Christmas Part One: The Lead Up


Christmas—Part One: The Lead Up





We knew Christmas was coming when my mother put a sparkly German advent calendar on the mantle of the fireplace, just under her favorite Gauguin knock off of Tahiti. The calendars over the years varied little.  They were either a manger scene or a candle lit village covered in the snow that we never got to see in Los Angeles.

Each day before school my sister and I alternated opening the little paper windows and it was fortuitous that the calendar ended on the 24th so we both got the same number of windows to open. The window for the 24th was always the most coveted, largest and had the best picture.


There were no chocolates or toys behind the windows, just sweet little pictures. A trumpet, a candle or a toy car.  By the time my son was old enough for an advent calendar there seemed the commercial need to put actual goodies and chocolate in each window.   I continued the tradition of the simple glitter shedding German ones.

The next sign of Christmas was the smell of popcorn, Karo syrup and food coloring being conjured into Christmas gifts.  My parents would spend evening after evening busy in the kitchen popping corn and stirring large pots of sugary goo. My father formed the cooling mixture into popcorn balls.  Sometimes they added red cinnamon candies.  Once cooled completely, we would cut brightly colored cellophane on the dining room table, wrap each ball and tie it with a ribbon.  These would be distributed to friends later. When you bit into the stiff balls, the corn would cut into your gums.

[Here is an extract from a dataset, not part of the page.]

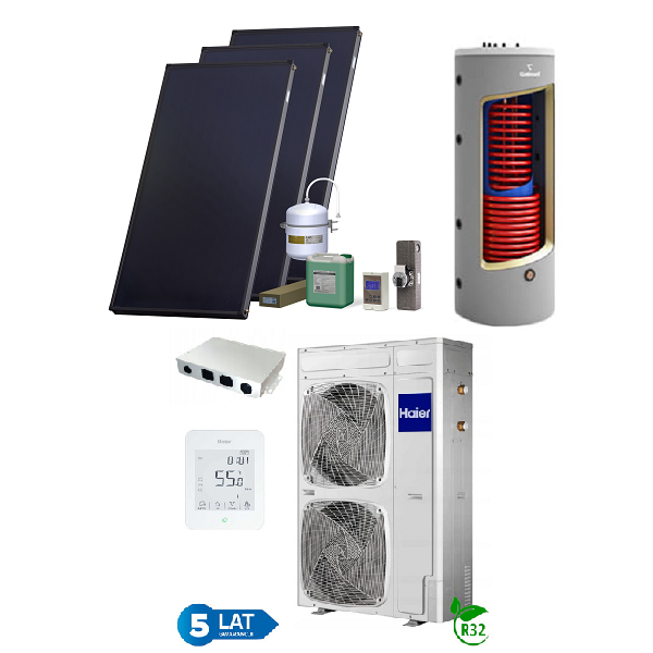 PAKIET SOLARNY HEWALEX Z POMPĄ CIEPŁA HAIER 11KW (HAIER 11kW monoblok; zbiornik C.O/C.W.U GALMET KUMULO 500/200 2W 2,1/2,2m2; zestaw solarny HX00-3KS2100)

The next harbinger of Christmas was the annual Group Six carol sing at our home.  Our church, Hollywood Beverly Christian Church, divided women into like-minded groups in an attempt to stimulate socializing and friendship. It was pretty obvious that my mother had been put in the “career woman” group—Group Six.

Being the only married member of the group, and the only one with a husband, young children and a welcoming hearth and home, my mother invited Group Six every Christmas to come share a buffet of Christmas cookies and sing carols in front of the fire, no matter what the temperature.

One member of G6 arrived early every single year.  I imagine she didn’t want to drive home and then back to our house. And I know that she had no idea how much she irked my mother, because she never entertained and had no idea of the work that went into it. She would park and read a book.  This drove my mother nuts.  Irritated because she felt like she should invite her in and annoyed because her last half hour of getting ready time would be stolen, she bemoaned this woman’s arrival every year.  And every year, after some good old complaining, my mother would go out to her car and ask her in.  The woman’s name was Betty and she always brought those round, rich cookies that have powdered sugar on them.

The ladies would fill our living room and my mother or someone else with musical skill would play the piano. Sometimes there would be the Autoharp or guitar.  My sister and I would join in and feel slightly awkward around these women who sometimes seemed a little desperate for our companionship. My father loved to play practical jokes on them, but not in an unkind way.  Group Six was just something we had to do before the fun stuff happened.

Another Christmas lead up was the Hollywood Christmas Parade. The parade route was a block from our church and we would go to the Friday night church dinner beforehand.  The food was truly atrocious—green jello encasing celery with stiff dollops of yellowing mayonnaise on top, fried chicken and brown gravy over lumpy potatoes.  The evening I remember the most was when my uncle, who lived just below the Hollywood sign, had gone off on a freighter and left my mother in charge of his house.  The Hollywood Hills caught on fire.  Aldous Huxley’s home, a few blocks below my uncle’s, was burned to the ground. We could see the fire from the parade.  My uncle’s house was spared.